■ What you should do ■
Please set out each line below exactly as it stands, without the images.

==*==

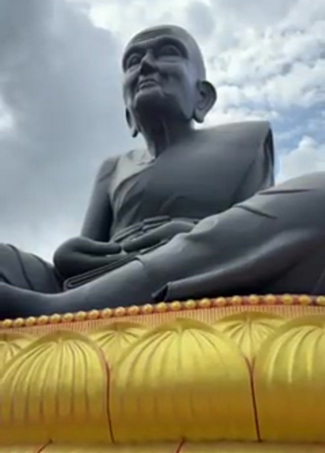 A low-angle shot shows a large, dark-colored statue of a meditating monk sitting on a gold-colored lotus platform
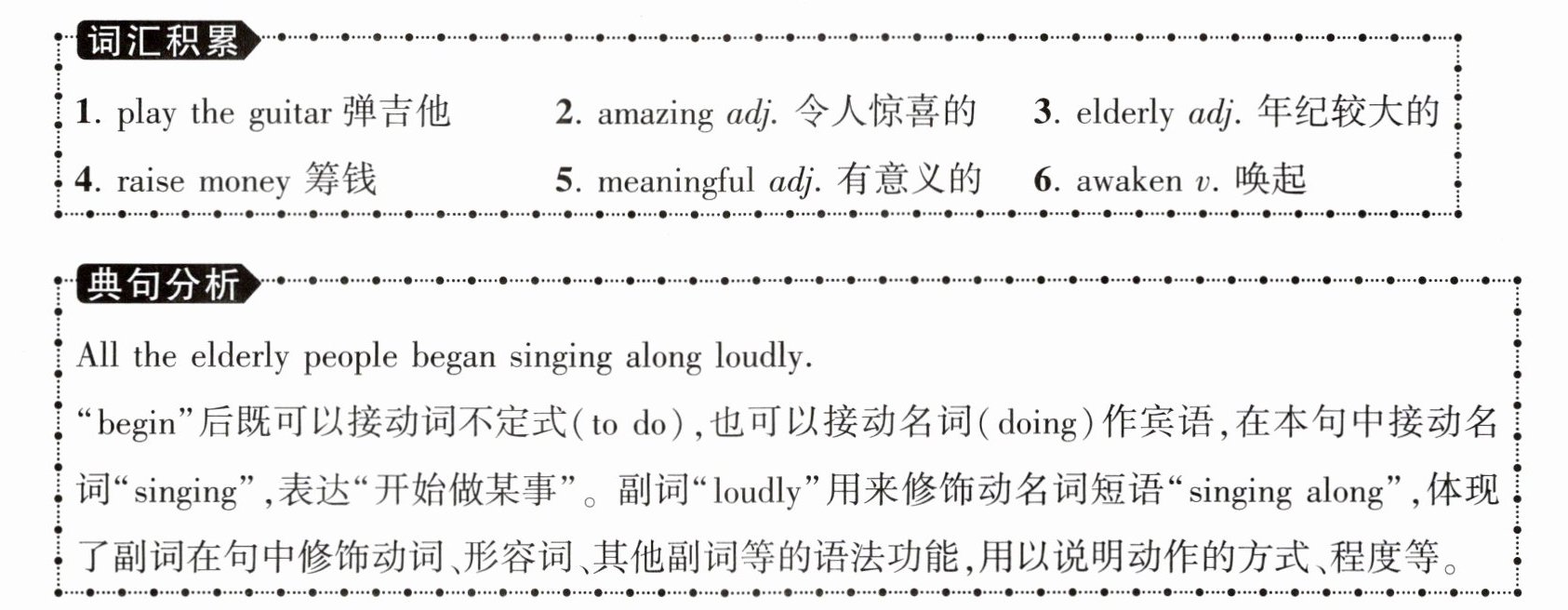 One day,her group performed old songs at a nursing home( 养老院). When the music started,
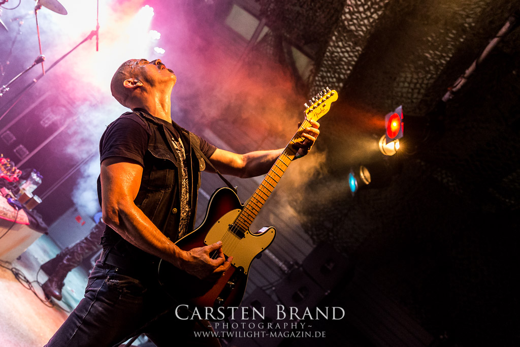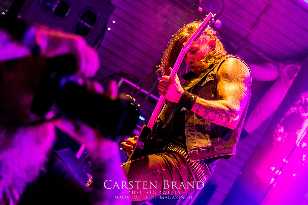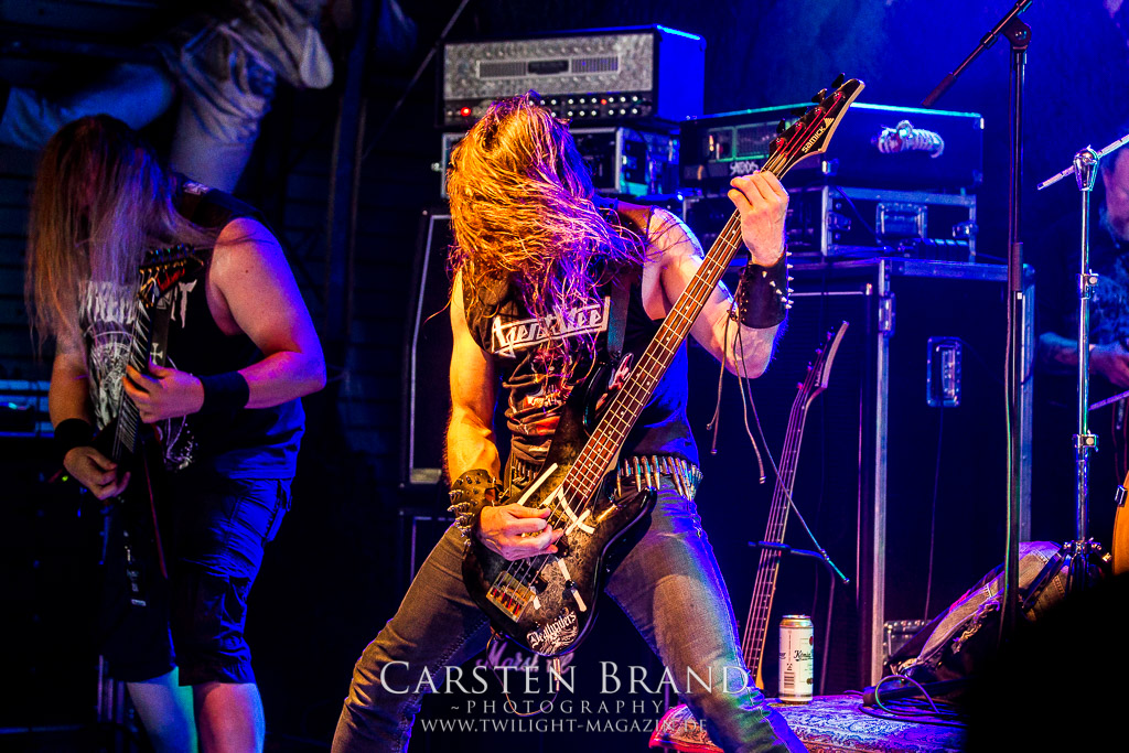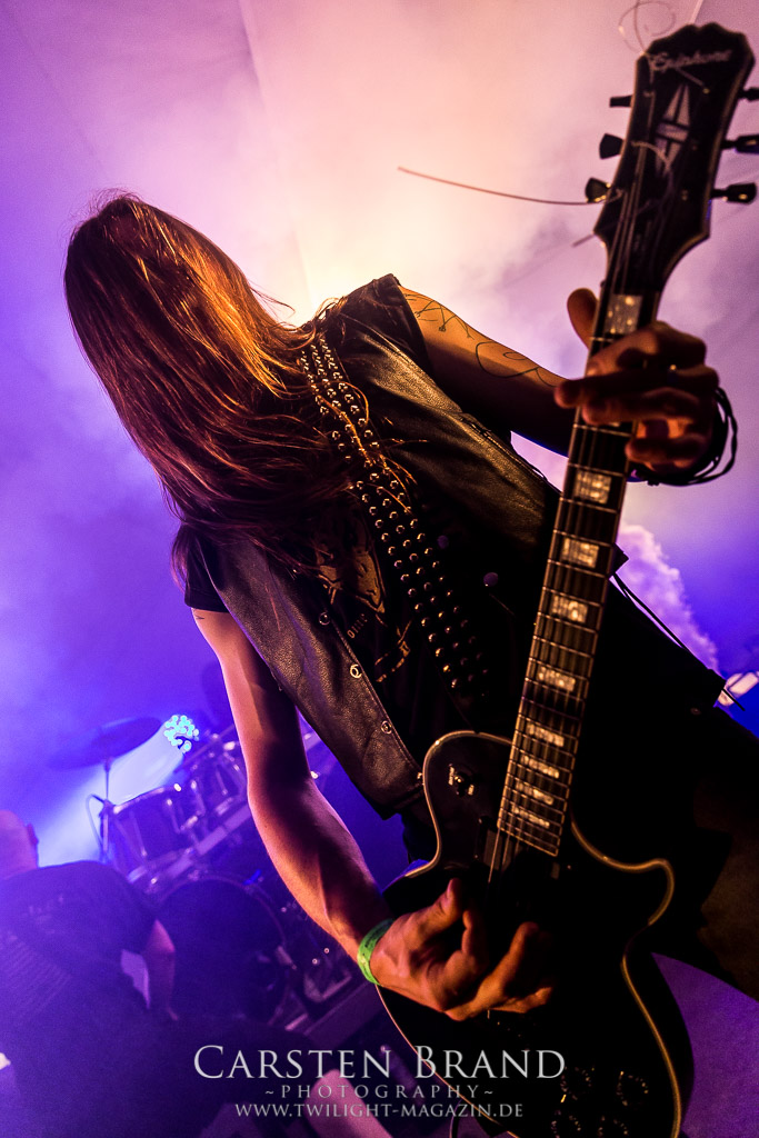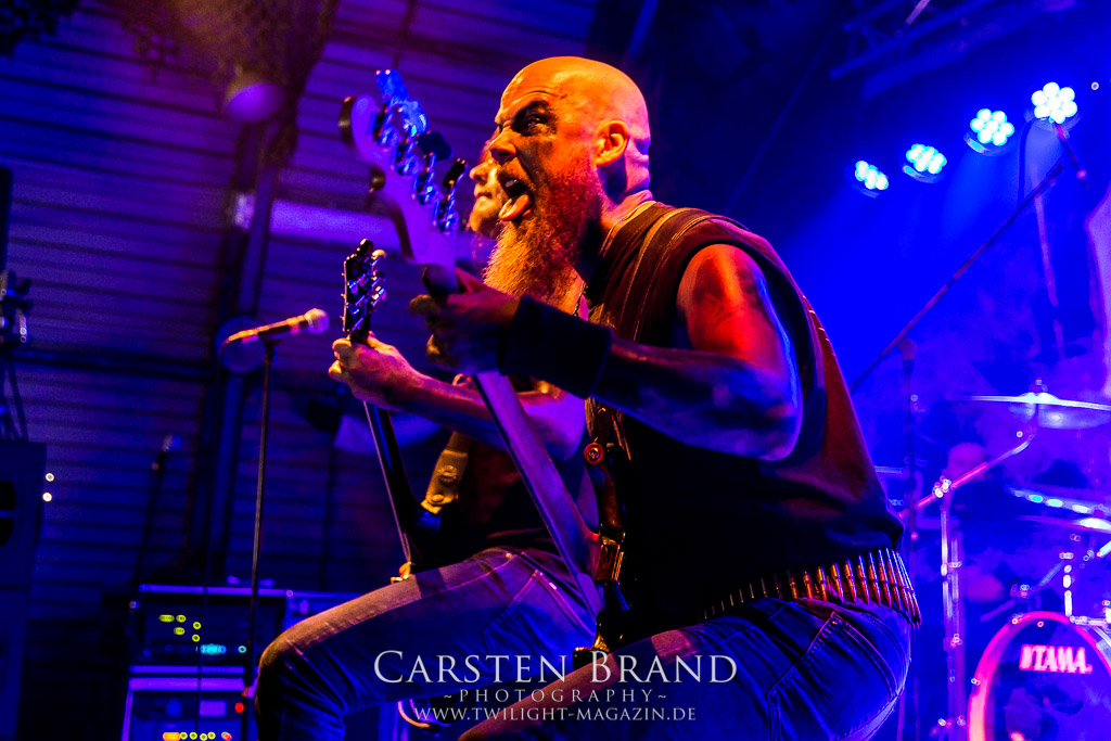 Weniger Black Sabbath als Pantera haben die Sondershausener von BLACK MOOD in ihren Einflüssen, wodurch sie sich in ihrer ähnlichen Grundausrichtung von ihren Kollegen abheben. Das Duo, um die Brüder Izz (Gitarre, Vocals) und Sleaze (Drums) steht mittlerweile in der Tradition von Bands, die einen Bassisten für verzichtbar halten und stattdessen für die Gitarre mit allerlei Verstärker-Technik experimentieren, um möglichst wenig Sound-Einbußen zu haben. Wie schon bei meinem ersten Kontakt mit den Thüringern, die im vergangenen Jahr als Opener für die kongenialen Castle in Göttingen fungierten, spielen sich die beiden Herren den Allerwertesten ab und wissen das Publikum von Beginn an mit ihrem groovenden, metallischen Southern-Rock zu überzeugen.
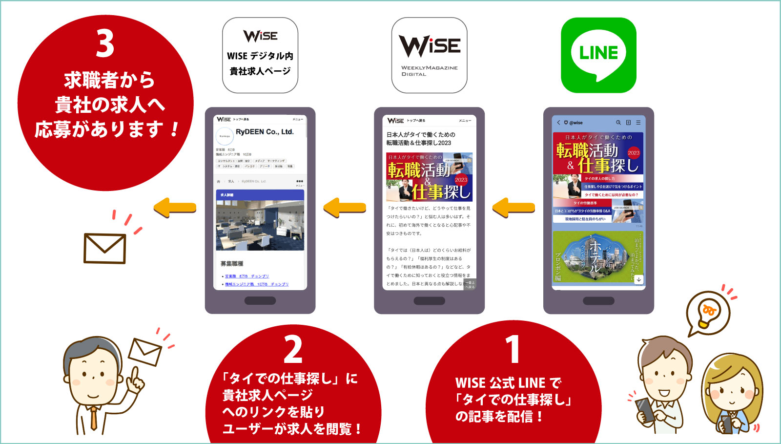 そこへはWiSE公式LINEなどで「タイでの仕事探し」の記事を定期的に配信して、「タイ在住ユーザー」または「タイに興味のあるユーザー」が貴社の求人ページへ訪問しやすいように誘導していきます。
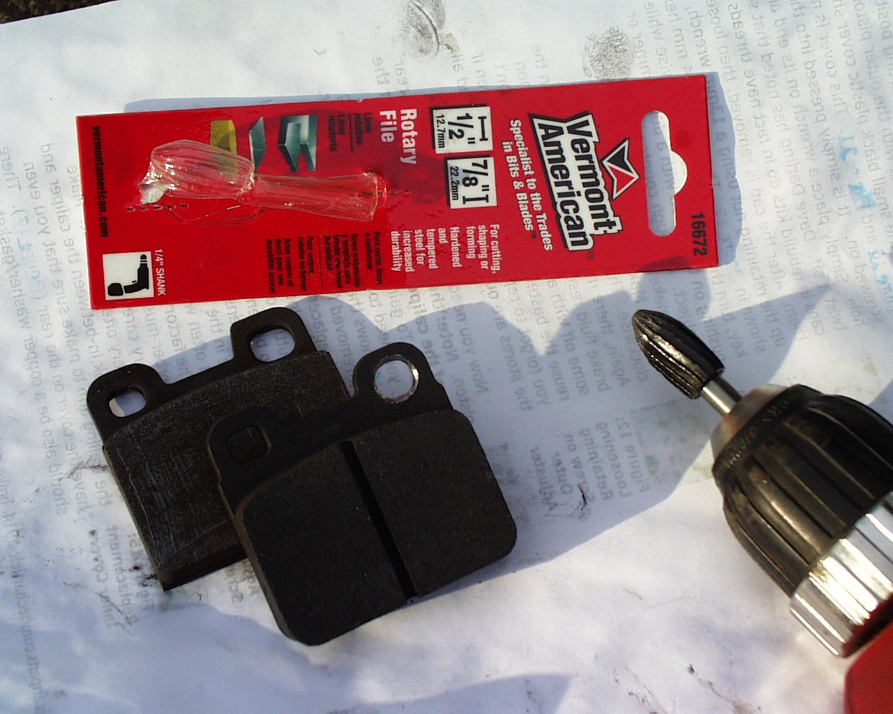 Now that the car is on blocks from last weekends tire slashing, I have easy access to finish the rear brake job. I know it looks super ghetto, but my Alfa is sitting on my jack stands in the garage. Had these concrete chunks left over from busting up a patio in the back. Leaving the new tires off for the long 4 day Memorial weekend in case the jerk offs come back again. Got the rotor screw free with a torch and impact hammer screwdriver. Removed the rotor and caliper without breaking the hydraulic line this time. Decided to hog out one hole bigger on each Porterfield R4-S pad with a rotary file I picked up at Ace Hardware. Found a 5/16 hex wrench that was long enough to adjust the rear pad clearance through the trailing arm hole. While reading through my Pelican Parts instructions I had the a-ha moment that you leave the metal retaining clip off so you can get the feeler gauge straight in where the pads go. After you set the clearance you pull the pins back out and put the cross clip back in there. With the dust shield, there is no way you can set the clearance and the dust shield bolt head are under the rotor which you cannot get to once assembled.
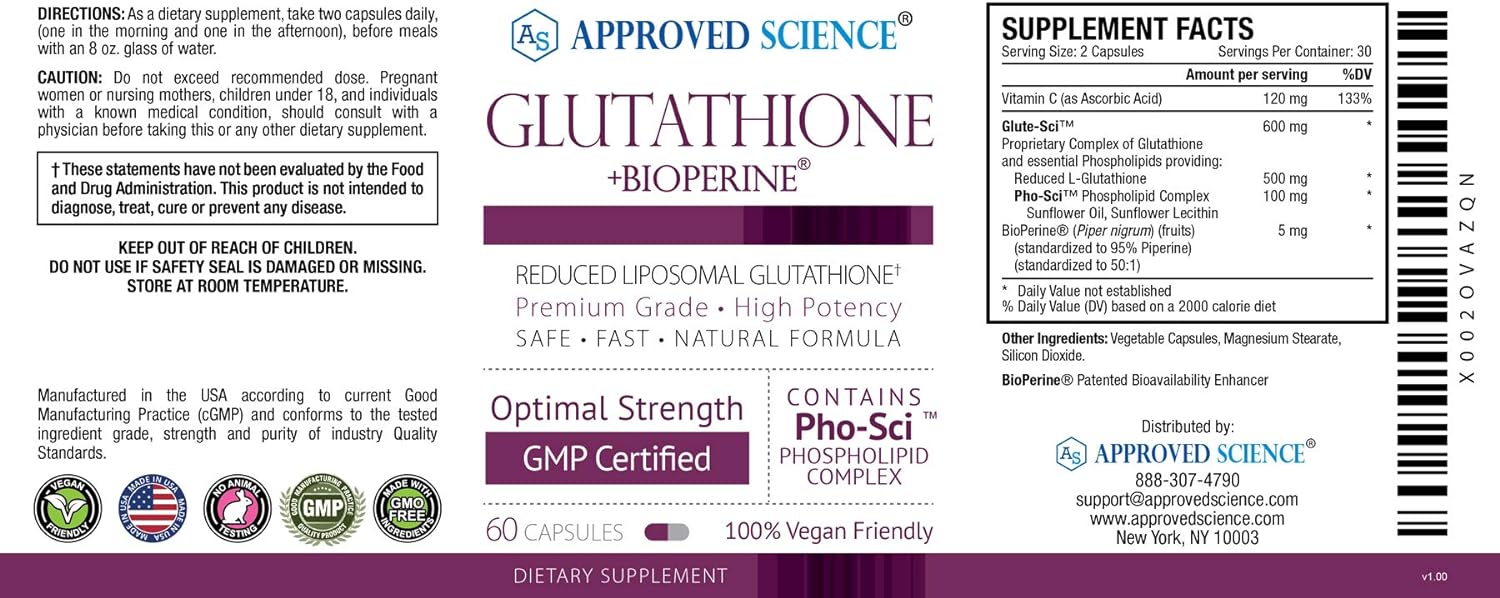 DESCRIPTION : Approved Science® Glutathione - Glutathione 500 mg - Phospholipid Complex, Vitamin C, Bioperine - Top Antioxidant to Help Neutralize Free Radical - Vegan Friendly - 60 Capsules - 1 Bottle60 Count (Pack of 1)

==*==

■ Task solution ■
 A low-angle shot shows a large, dark-colored statue of a meditating monk sitting on a gold-colored lotus platform
 One day,her group performed old songs at a nursing home( 养老院). When the music started,
 Weniger Black Sabbath als Pantera haben die Sondershausener von BLACK MOOD in ihren Einflüssen, wodurch sie sich in ihrer ähnlichen Grundausrichtung von ihren Kollegen abheben. Das Duo, um die Brüder Izz (Gitarre, Vocals) und Sleaze (Drums) steht mittlerweile in der Tradition von Bands, die einen Bassisten für verzichtbar halten und stattdessen für die Gitarre mit allerlei Verstärker-Technik experimentieren, um möglichst wenig Sound-Einbußen zu haben. Wie schon bei meinem ersten Kontakt mit den Thüringern, die im vergangenen Jahr als Opener für die kongenialen Castle in Göttingen fungierten, spielen sich die beiden Herren den Allerwertesten ab und wissen das Publikum von Beginn an mit ihrem groovenden, metallischen Southern-Rock zu überzeugen.
 そこへはWiSE公式LINEなどで「タイでの仕事探し」の記事を定期的に配信して、「タイ在住ユーザー」または「タイに興味のあるユーザー」が貴社の求人ページへ訪問しやすいように誘導していきます。
 Now that the car is on blocks from last weekends tire slashing, I have easy access to finish the rear brake job. I know it looks super ghetto, but my Alfa is sitting on my jack stands in the garage. Had these concrete chunks left over from busting up a patio in the back. Leaving the new tires off for the long 4 day Memorial weekend in case the jerk offs come back again. Got the rotor screw free with a torch and impact hammer screwdriver. Removed the rotor and caliper without breaking the hydraulic line this time. Decided to hog out one hole bigger on each Porterfield R4-S pad with a rotary file I picked up at Ace Hardware. Found a 5/16 hex wrench that was long enough to adjust the rear pad clearance through the trailing arm hole. While reading through my Pelican Parts instructions I had the a-ha moment that you leave the metal retaining clip off so you can get the feeler gauge straight in where the pads go. After you set the clearance you pull the pins back out and put the cross clip back in there. With the dust shield, there is no way you can set the clearance and the dust shield bolt head are under the rotor which you cannot get to once assembled.
 DESCRIPTION : Approved Science® Glutathione - Glutathione 500 mg - Phospholipid Complex, Vitamin C, Bioperine - Top Antioxidant to Help Neutralize Free Radical - Vegan Friendly - 60 Capsules - 1 Bottle60 Count (Pack of 1)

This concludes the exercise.